--- Supplied material Enclosed Below ---

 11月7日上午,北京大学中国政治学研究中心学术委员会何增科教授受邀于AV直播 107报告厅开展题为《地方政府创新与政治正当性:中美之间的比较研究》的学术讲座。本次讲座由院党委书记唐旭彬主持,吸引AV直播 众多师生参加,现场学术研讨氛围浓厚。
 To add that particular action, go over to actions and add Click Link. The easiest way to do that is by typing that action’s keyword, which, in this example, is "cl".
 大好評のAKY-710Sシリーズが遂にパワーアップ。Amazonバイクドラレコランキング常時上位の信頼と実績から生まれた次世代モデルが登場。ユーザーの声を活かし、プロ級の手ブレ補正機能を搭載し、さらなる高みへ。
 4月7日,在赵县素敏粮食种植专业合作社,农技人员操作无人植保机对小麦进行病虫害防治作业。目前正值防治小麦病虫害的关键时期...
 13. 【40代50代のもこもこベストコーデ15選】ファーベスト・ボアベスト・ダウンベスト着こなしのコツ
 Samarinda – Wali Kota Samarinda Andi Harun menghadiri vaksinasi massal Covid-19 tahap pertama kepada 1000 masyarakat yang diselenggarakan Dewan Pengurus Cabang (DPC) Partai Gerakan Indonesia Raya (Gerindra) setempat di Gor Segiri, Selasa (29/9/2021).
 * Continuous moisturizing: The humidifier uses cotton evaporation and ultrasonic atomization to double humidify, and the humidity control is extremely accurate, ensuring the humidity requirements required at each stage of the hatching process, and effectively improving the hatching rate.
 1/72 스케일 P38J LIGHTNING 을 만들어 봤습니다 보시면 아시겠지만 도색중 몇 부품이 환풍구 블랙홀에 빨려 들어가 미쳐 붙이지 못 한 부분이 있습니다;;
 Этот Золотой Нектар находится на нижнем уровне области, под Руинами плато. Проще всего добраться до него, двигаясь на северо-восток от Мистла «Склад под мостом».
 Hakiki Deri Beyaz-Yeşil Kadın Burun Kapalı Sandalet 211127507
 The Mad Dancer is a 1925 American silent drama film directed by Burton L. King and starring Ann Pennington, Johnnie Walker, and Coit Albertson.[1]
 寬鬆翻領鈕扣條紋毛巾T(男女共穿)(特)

--- End of Enclosed Supplied material ---

Work request: All of the data must be returned exactly.

Answer:
 11月7日上午,北京大学中国政治学研究中心学术委员会何增科教授受邀于AV直播 107报告厅开展题为《地方政府创新与政治正当性:中美之间的比较研究》的学术讲座。本次讲座由院党委书记唐旭彬主持,吸引AV直播 众多师生参加,现场学术研讨氛围浓厚。
 To add that particular action, go over to actions and add Click Link. The easiest way to do that is by typing that action’s keyword, which, in this example, is "cl".
 大好評のAKY-710Sシリーズが遂にパワーアップ。Amazonバイクドラレコランキング常時上位の信頼と実績から生まれた次世代モデルが登場。ユーザーの声を活かし、プロ級の手ブレ補正機能を搭載し、さらなる高みへ。
 4月7日,在赵县素敏粮食种植专业合作社,农技人员操作无人植保机对小麦进行病虫害防治作业。目前正值防治小麦病虫害的关键时期...
 13. 【40代50代のもこもこベストコーデ15選】ファーベスト・ボアベスト・ダウンベスト着こなしのコツ
 Samarinda – Wali Kota Samarinda Andi Harun menghadiri vaksinasi massal Covid-19 tahap pertama kepada 1000 masyarakat yang diselenggarakan Dewan Pengurus Cabang (DPC) Partai Gerakan Indonesia Raya (Gerindra) setempat di Gor Segiri, Selasa (29/9/2021).
 * Continuous moisturizing: The humidifier uses cotton evaporation and ultrasonic atomization to double humidify, and the humidity control is extremely accurate, ensuring the humidity requirements required at each stage of the hatching process, and effectively improving the hatching rate.
 1/72 스케일 P38J LIGHTNING 을 만들어 봤습니다 보시면 아시겠지만 도색중 몇 부품이 환풍구 블랙홀에 빨려 들어가 미쳐 붙이지 못 한 부분이 있습니다;;
 Этот Золотой Нектар находится на нижнем уровне области, под Руинами плато. Проще всего добраться до него, двигаясь на северо-восток от Мистла «Склад под мостом».
 Hakiki Deri Beyaz-Yeşil Kadın Burun Kapalı Sandalet 211127507
 The Mad Dancer is a 1925 American silent drama film directed by Burton L. King and starring Ann Pennington, Johnnie Walker, and Coit Albertson.[1]
 寬鬆翻領鈕扣條紋毛巾T(男女共穿)(特)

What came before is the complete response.